My 2048x Cobblestone got removed from Minecraft sub for being too real. Can it get some love here instead?

I'm a shader dev working on a path tracing shader (Continuum RT), and you have no idea what you're talking about.

Raytracing is a family of lighting algorithms that use raycasting (using rays to find objects in the scene) to compute lighting within a scene. Multiple different algorithms exist within that family, and they're all considered raytracers.

Path tracing is a particular kind of raytracing which involves bouncing rays around in a random distribution, to eventually converge on a final unbiased result.

Number of rays doesn't matter, you could send a ray for every type of interaction (diffuse, specular, transmission/refraction), and so long as your ray distribution is random (rays are being cast in random directions), it's considered pure, unbiased path tracing.
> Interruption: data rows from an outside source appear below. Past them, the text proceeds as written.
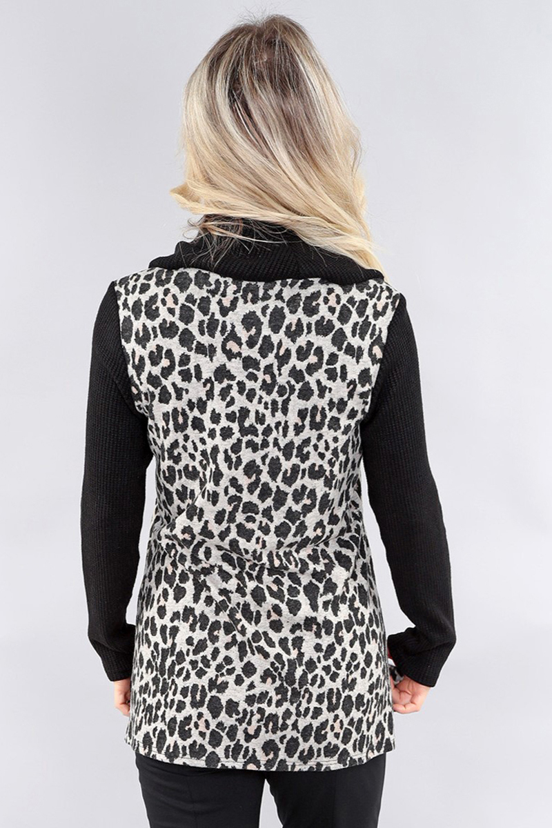 Ls Top – Cowl Neck Front Buttons in Leopard prt – Lightweight ls top – cowl neck front buttons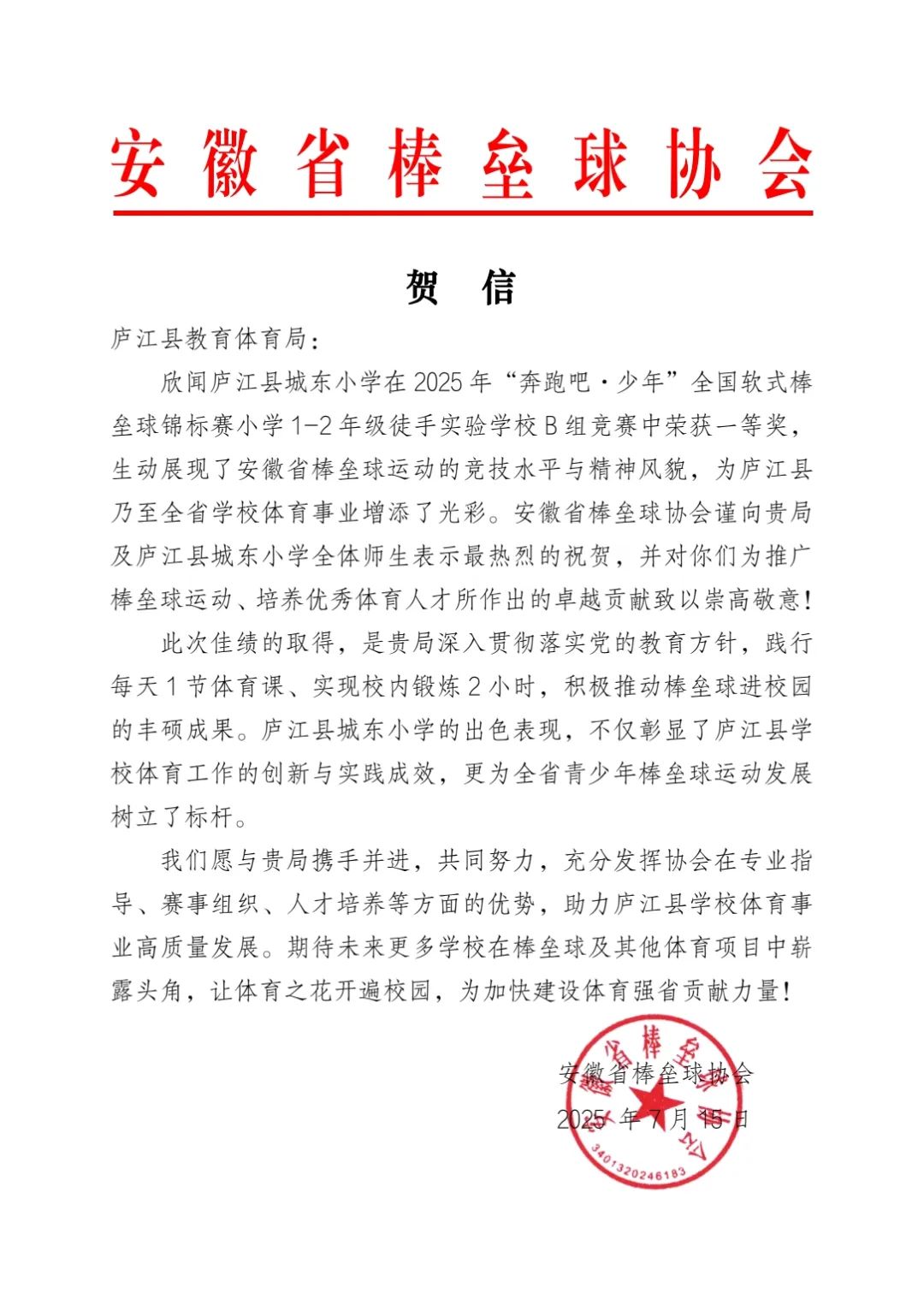 在本次比賽中,廬江縣城東小學代表隊不懼強敵,配合默契,表現(xiàn)出色。他們每一次擊球、跑壘都全力以赴,在眾多強隊中脫穎而出,榮獲2025年全國軟式棒壘球錦標賽小學1 - 2年級徒手實驗學校B組一等獎。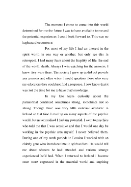 experienced he’d had. When I returned to Ireland I became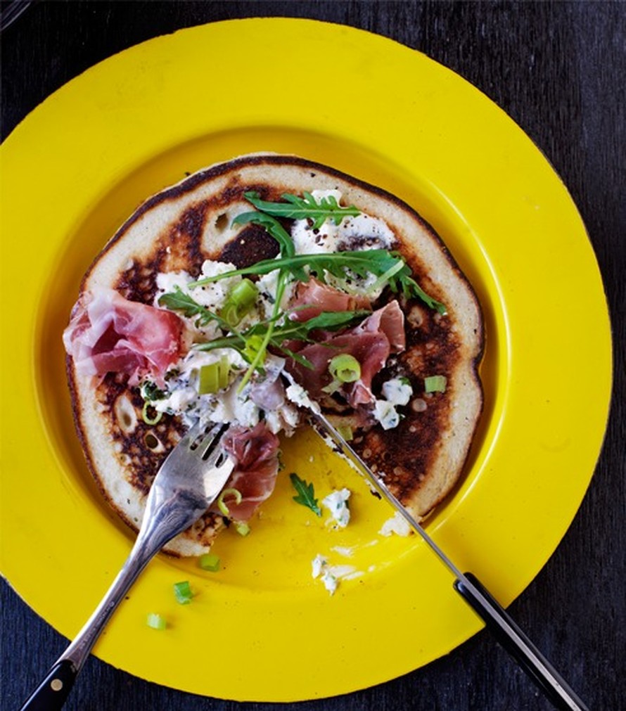 - Yhdistä maito, ricotta, kananmuna ja voisula. Lisää keskenään sekoitetut jauhot ja leivinjauhe. Paista taikinasta esimerkiksi blinipannulla keskilämmöllä molemmin puolin paksuhkoja lettuja eli noin 1–2 minuuttia per puoli.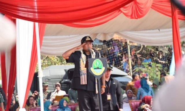 Wakil Gubernur Jawa Barat Uu Ruzhanul Ulum saat menjadi inspektur upacara dalam…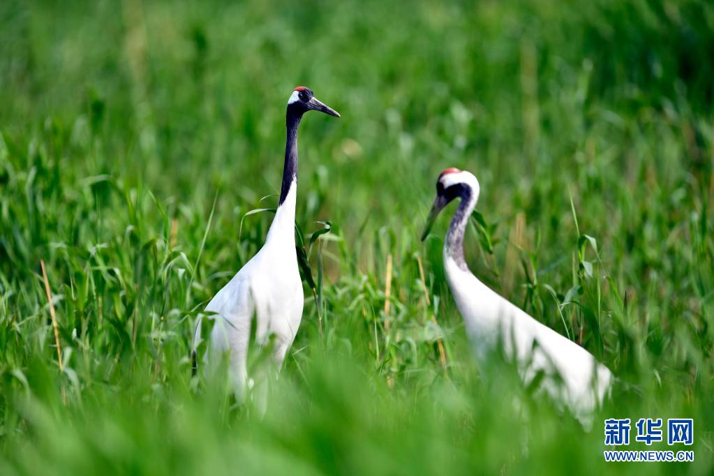 在山东黄河三角洲国家级自然保护区,两只丹顶鹤在水草间栖息(5月13日摄)。新华社记者 郭绪雷摄

Given an adequate amount of samples (we're talking potentially millions), unbiased path tracing is literally the most accurate type of lighting algorithm in computer graphics. It's so accurate, that it's often used as the ground truth method (will an utterly ridiculous amount of samples to ensure there's no statistical error present) to compare against other lighting algorithms.

It isn't the only type of raytracing, there are others, but among them all, path tracing is considered to be the most accurate, by the entire industry. Go ahead and read it up, I'll wait.